START Data extract
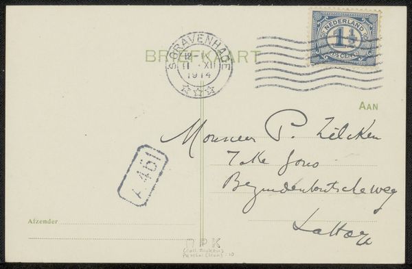 Curator: This unassuming item is a postcard titled “Briefkaart aan Philip Zilcken,” likely created between 1925 and 1927. It resides here at the Rijksmuseum. Editor: It's strikingly simple, a monochrome study in texture. The eye is drawn immediately to the penned text contrasting with the flat surface. Curator: Indeed. We see the social practice of correspondence rendered with the simplest of tools: ink on paper, a mass produced card turned singular. It shows a Modernist fascination with efficiency. Editor: Let's break down that composition. The hand-lettering becomes a series of shapes—linear arrangements creating rhythm, note the contrast between blocky address text, versus more fluid lines of “'S Gravenhage”. It seems as considered as any formal study in calligraphy. Curator: Consider, also, that this wasn’t meant as 'high art.' Postcards are intrinsically functional and disposable. Its survival challenges those assumptions and demonstrates artistic consideration present in everyday exchange. The very act of sending is a critical aspect of the work. Editor: Absolutely. Yet, aesthetically, there's that carefully placed stamp, the neat rows of address lines creating a sort of minimalist grid. It speaks to an economy of means, pushing visual harmony even through functional items. Curator: Moreover, postcards connected individuals within existing infrastructures and are deeply related to questions of industrialization and accessibility of culture during this period. The back of a postcard becomes a space of personal expression amidst global circulation. Editor: Its formal tension balances between design and pure function and hints at Modernism, this item becomes an example of intimate public interaction through visual means. It certainly makes me reflect on its lasting impact. Curator: It reminds us that the everyday object is fertile ground for both the artist’s exploration of their immediate material conditions and human interaction within technological advancement.
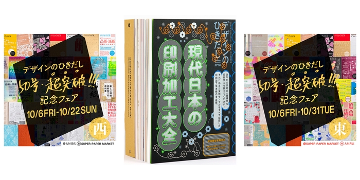 「デザインのひきだし50号・超突破記念フェア」を東西2拠点で開催中!! 東京・青山ブックセンター本店では実物綴込みサンプル全160点が見られるサンプル展を、全国の書店では特典冊子付きフェアも!
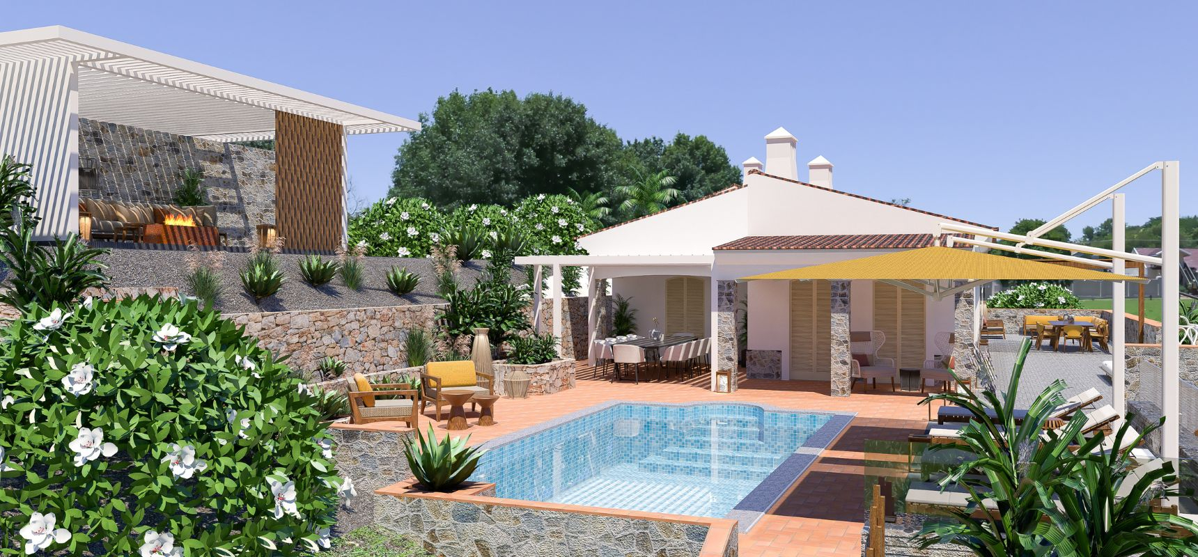 Nesta bela moradia conservámos a arquitetura tradicional algarvia e fizemos a criação de vários espaços exteriores, com um ambiente confortável e acolhedor.
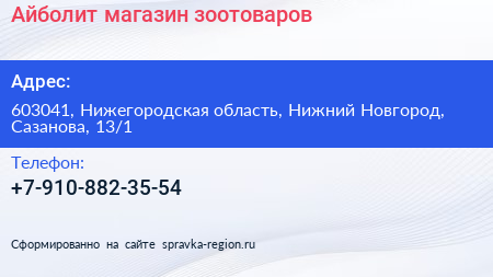 Айболит, магазин зоотоваров по адресу 603041, Нижегородская область, Нижний Новгород, Сазанова, 13/1 в дальнейшем Организация, размещена в следующих категориях:
END Data extract
■ Requirement ■
With the line containing "Nesta bela moradia" as the first line and the last line of the listing as the final one, reproduce that span exactly, without pictures.

■ Your response ■
 Nesta bela moradia conservámos a arquitetura tradicional algarvia e fizemos a criação de vários espaços exteriores, com um ambiente confortável e acolhedor.
 Айболит, магазин зоотоваров по адресу 603041, Нижегородская область, Нижний Новгород, Сазанова, 13/1 в дальнейшем Организация, размещена в следующих категориях:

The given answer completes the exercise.